Mycobacterium tuberculosis (M. tb)-specific T_SCM express Th1 cytokines. Fresh whole blood from remotely M. tb-infected (QFT⁺) adults (n = 13) was left unstimulated (gray) or stimulated with peptide pools spanning M. tb antigens, Ag85B (green), ESAT-6 (orange), or CFP-10 (purple), or whole bacillus Calmette–Guerin (red) for 12 h. Box and whisker plots depict frequencies of CD4⁺ T_SCM (RA⁺ R7⁺) T cells expressing IFN-γ (A), TNF-α (B), or IL-2⁺ (C). p-Values were calculated using the Wilcoxon matched pairs test, and p-values <0.0125 were considered significant (corrected for multiple testing using the Bonferroni method).

Figure 6

Bacillus Calmette–Guerin (BCG)-specific T_SCM are associated with long-term CD4⁺ T cell proliferation after vaccination.
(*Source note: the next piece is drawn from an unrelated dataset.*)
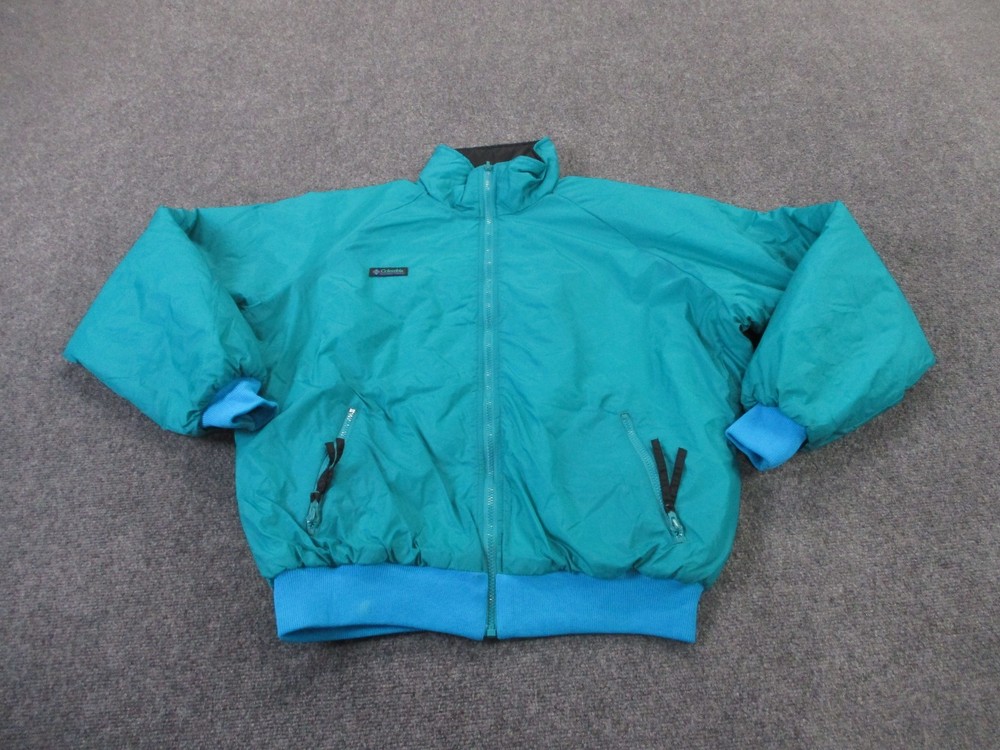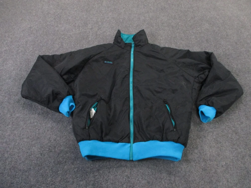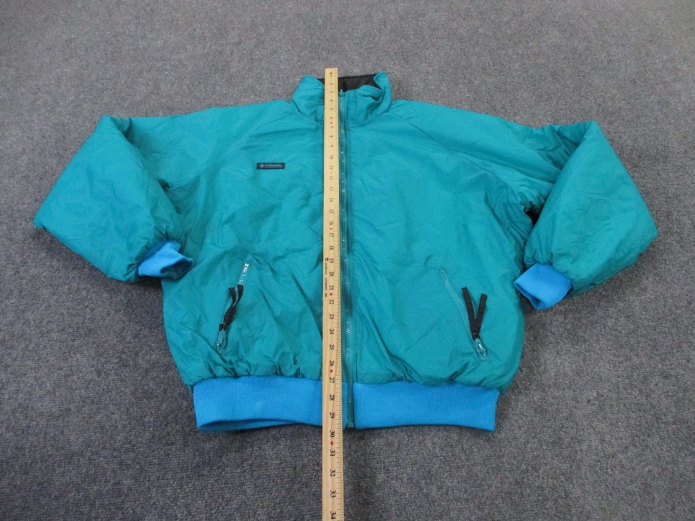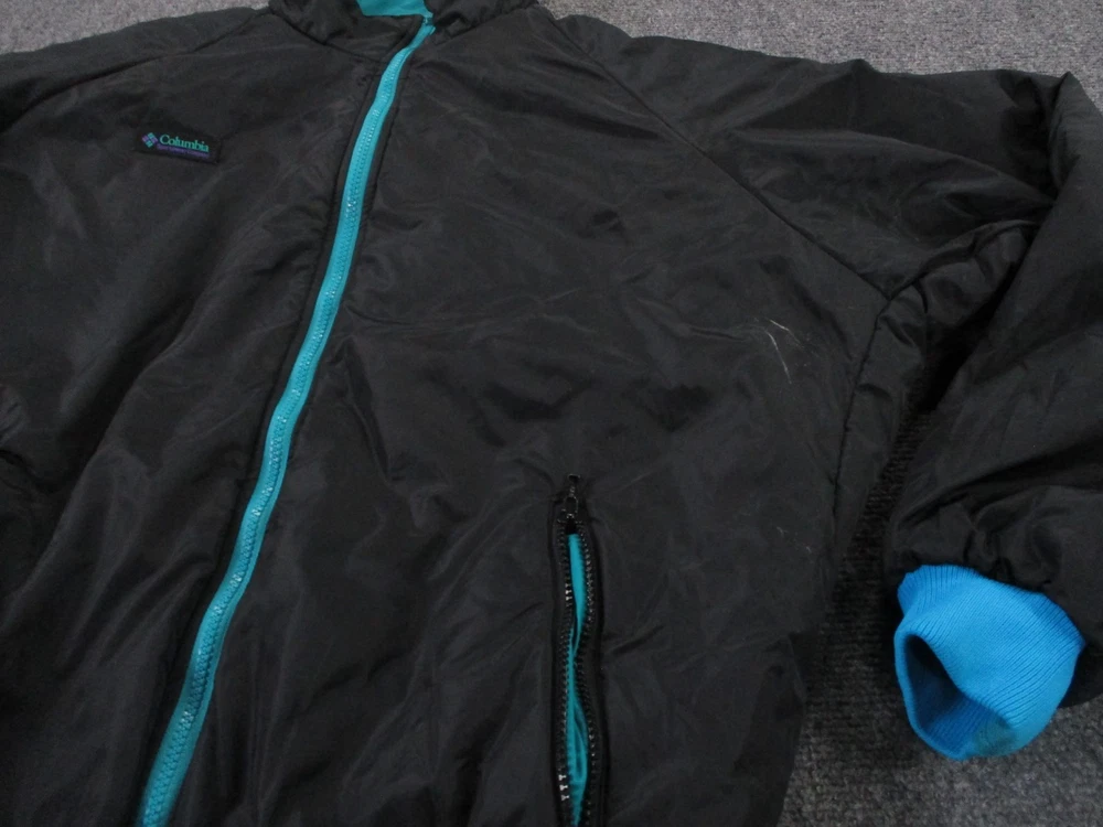 For sale is a used Columbia Jacket Measurements: Please see above photos for all measurements. Compare to your favorite garments for best fit. Marks on front blue side. Marks on front and back black side. I ship items out EVERY DAY so EXPECT a QUICK delivery!
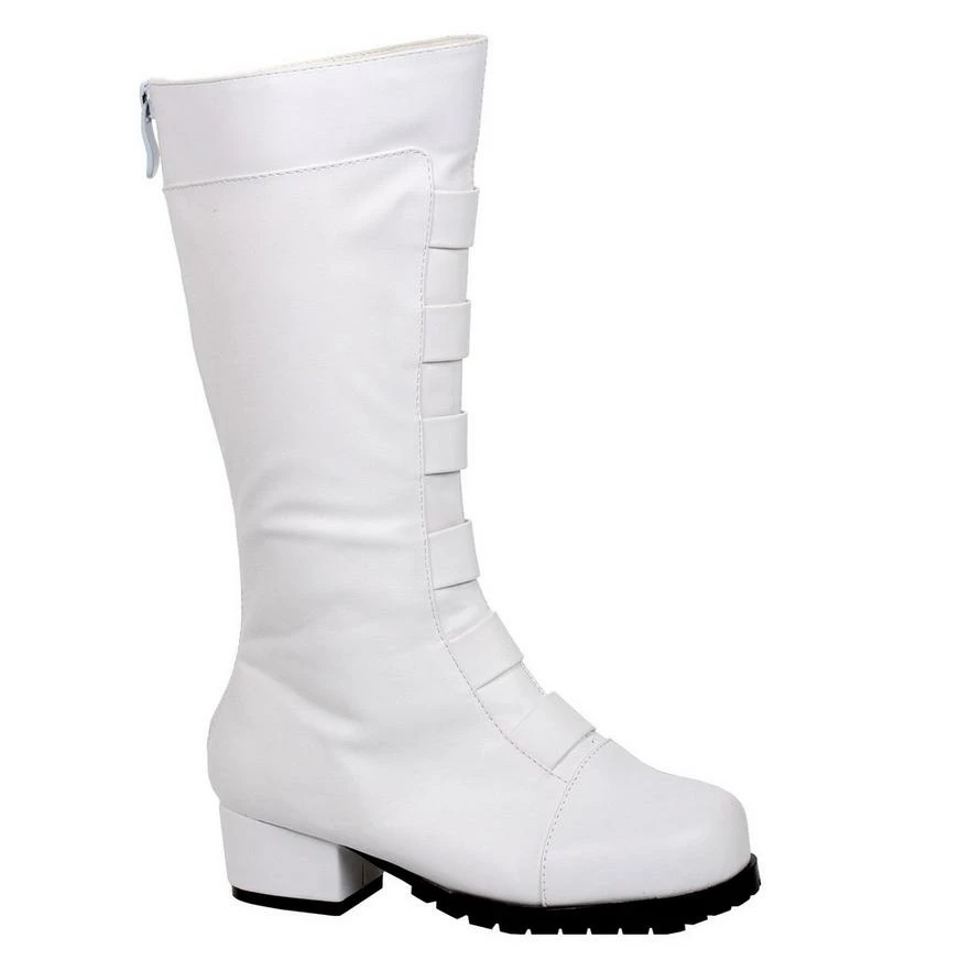 These Superhero White Knee High Boots are the last things bad guys will see! Suitable for boys and girls, these white combat boots with chunky heel are built extra tall and feature faux straps on the front. A back zip makes them easy to wear when it’s time to go from undercover to superhero!

Whole blood from 1-year-old infants (n = 23) was stimulated with BCG for 12 h to measure the frequencies of cytokine-producing T_SCM (CD45RA⁺, CCR7⁺), T_CM (CD45RA⁻, CCR7⁺), and T_EFF (CD45RA⁻, CCR7⁻). In parallel, whole blood was stimulated with BCG for 7 days, and the frequency of proliferating CD4⁺ cells was assessed by upregulation of Ki-67. Correlations between the frequencies of BCG-specific CD4⁺ memory T cell subsets and those of proliferating CD4⁺ T cells were calculated by Spearman test 10 months postvaccination.